YOUR GOAL
Below are the records; repeat exactly their lines between the line holding "in his letter." and the line holding "Mit einem administrativen", inclusive, skipping the pictures.

ENTRIES PROVIDED
━━━━━━━━━━━━━━━━
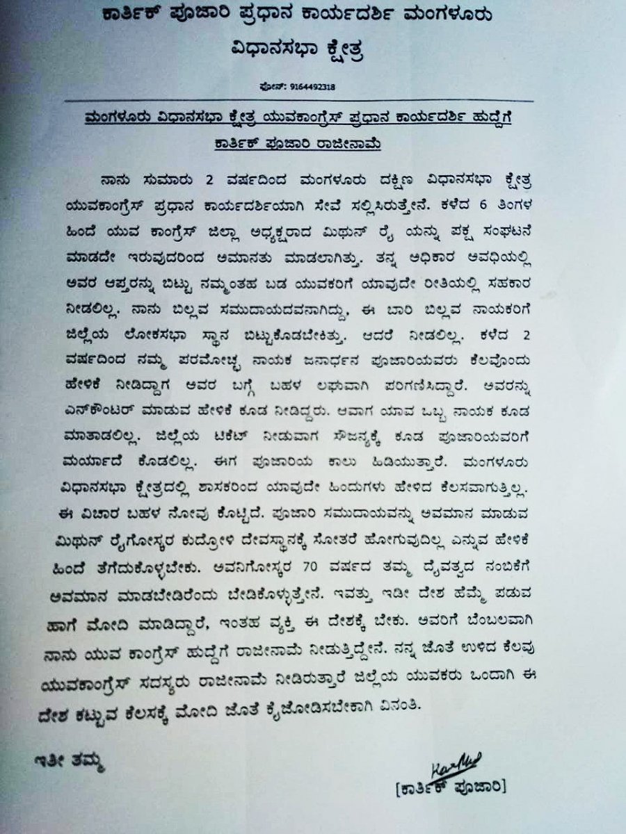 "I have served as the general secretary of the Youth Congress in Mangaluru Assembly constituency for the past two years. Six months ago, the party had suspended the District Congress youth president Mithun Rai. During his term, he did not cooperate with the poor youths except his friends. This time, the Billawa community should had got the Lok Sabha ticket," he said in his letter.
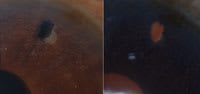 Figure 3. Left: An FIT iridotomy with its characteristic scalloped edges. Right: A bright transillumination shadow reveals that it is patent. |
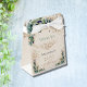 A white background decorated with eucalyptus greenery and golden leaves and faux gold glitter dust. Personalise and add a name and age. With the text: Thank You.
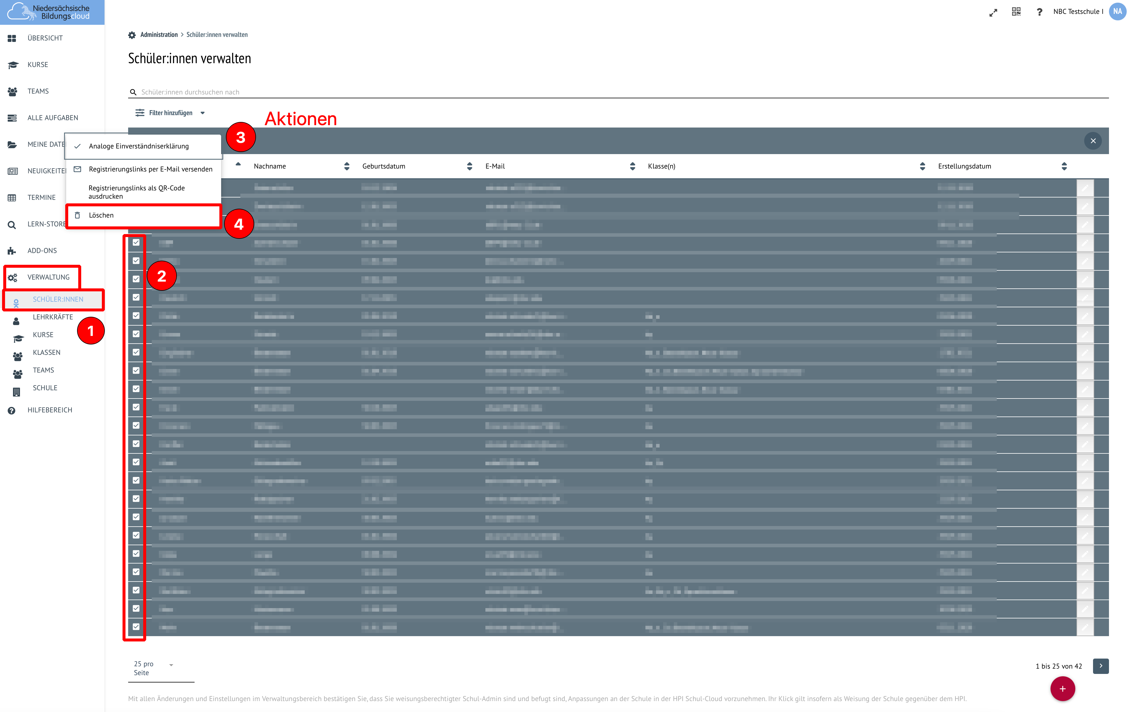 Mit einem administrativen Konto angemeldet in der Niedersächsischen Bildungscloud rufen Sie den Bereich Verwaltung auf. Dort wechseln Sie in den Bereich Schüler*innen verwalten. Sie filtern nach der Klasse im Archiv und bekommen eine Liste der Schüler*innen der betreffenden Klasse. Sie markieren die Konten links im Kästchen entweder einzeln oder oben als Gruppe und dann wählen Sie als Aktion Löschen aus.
━━━━━━━━━━━━━━━━
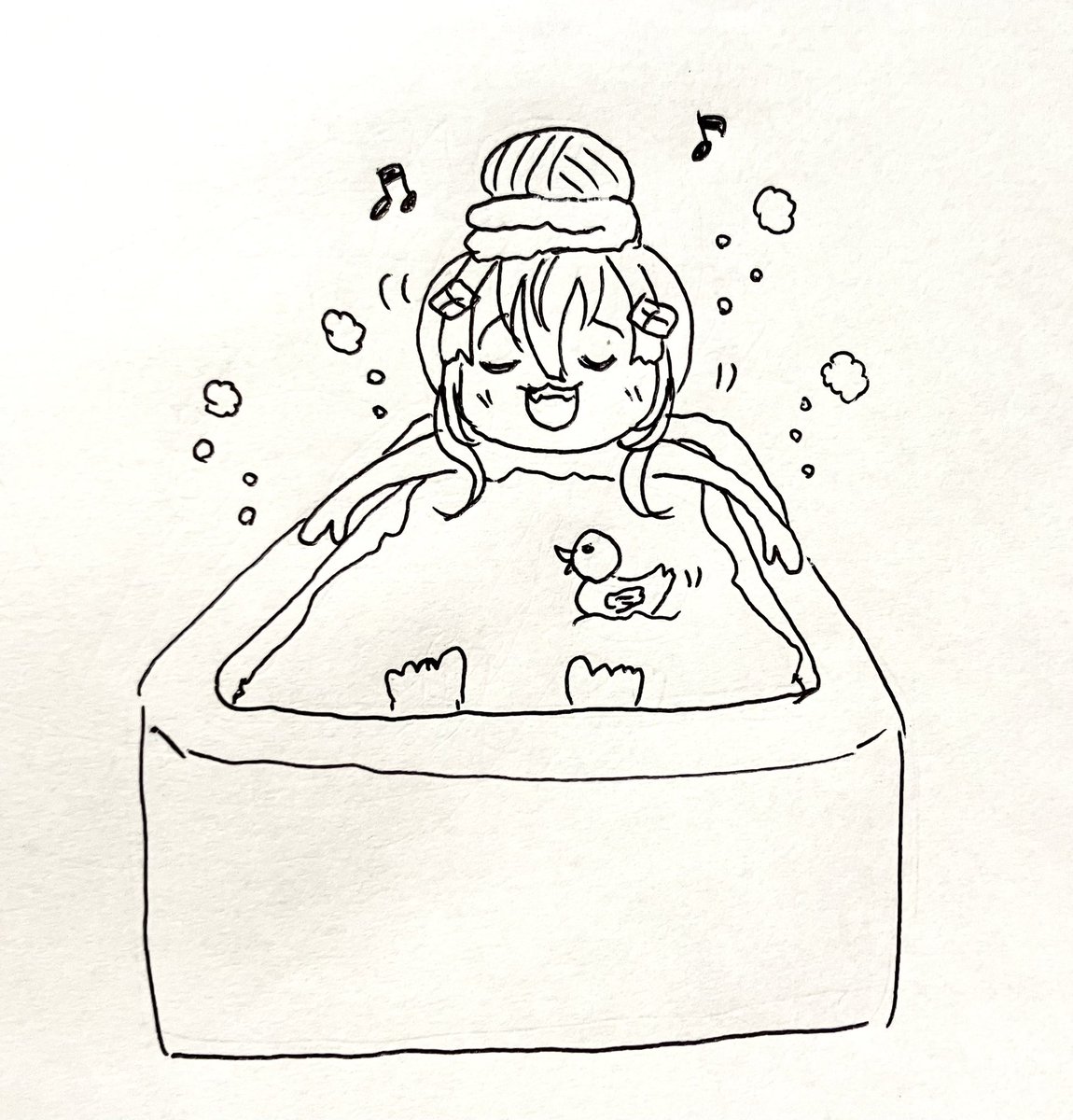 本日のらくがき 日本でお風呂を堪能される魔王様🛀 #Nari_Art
━━━━━━━━━━━━━━━━
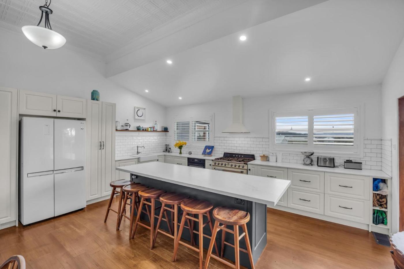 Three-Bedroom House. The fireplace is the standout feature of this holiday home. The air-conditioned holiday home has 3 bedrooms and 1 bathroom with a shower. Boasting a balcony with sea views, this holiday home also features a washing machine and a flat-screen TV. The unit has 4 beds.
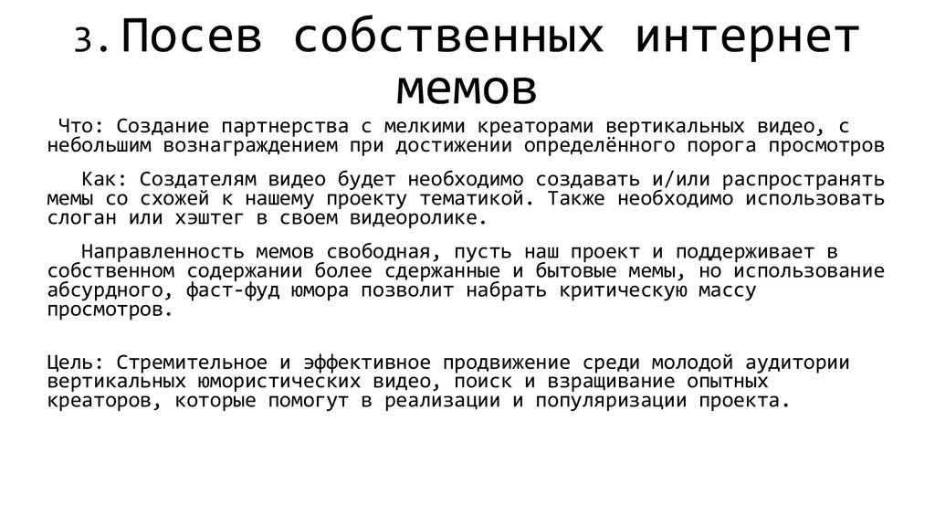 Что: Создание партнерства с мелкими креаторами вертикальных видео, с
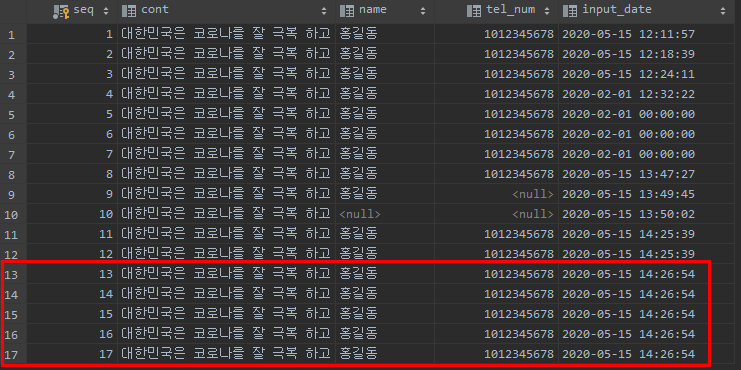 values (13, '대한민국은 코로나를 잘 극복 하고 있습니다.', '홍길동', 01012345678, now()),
━━━━━━━━━━━━━━━━
ANSWER SPACE
 "I have served as the general secretary of the Youth Congress in Mangaluru Assembly constituency for the past two years. Six months ago, the party had suspended the District Congress youth president Mithun Rai. During his term, he did not cooperate with the poor youths except his friends. This time, the Billawa community should had got the Lok Sabha ticket," he said in his letter.
 Figure 3. Left: An FIT iridotomy with its characteristic scalloped edges. Right: A bright transillumination shadow reveals that it is patent. |
 A white background decorated with eucalyptus greenery and golden leaves and faux gold glitter dust. Personalise and add a name and age. With the text: Thank You.
 Mit einem administrativen Konto angemeldet in der Niedersächsischen Bildungscloud rufen Sie den Bereich Verwaltung auf. Dort wechseln Sie in den Bereich Schüler*innen verwalten. Sie filtern nach der Klasse im Archiv und bekommen eine Liste der Schüler*innen der betreffenden Klasse. Sie markieren die Konten links im Kästchen entweder einzeln oder oben als Gruppe und dann wählen Sie als Aktion Löschen aus.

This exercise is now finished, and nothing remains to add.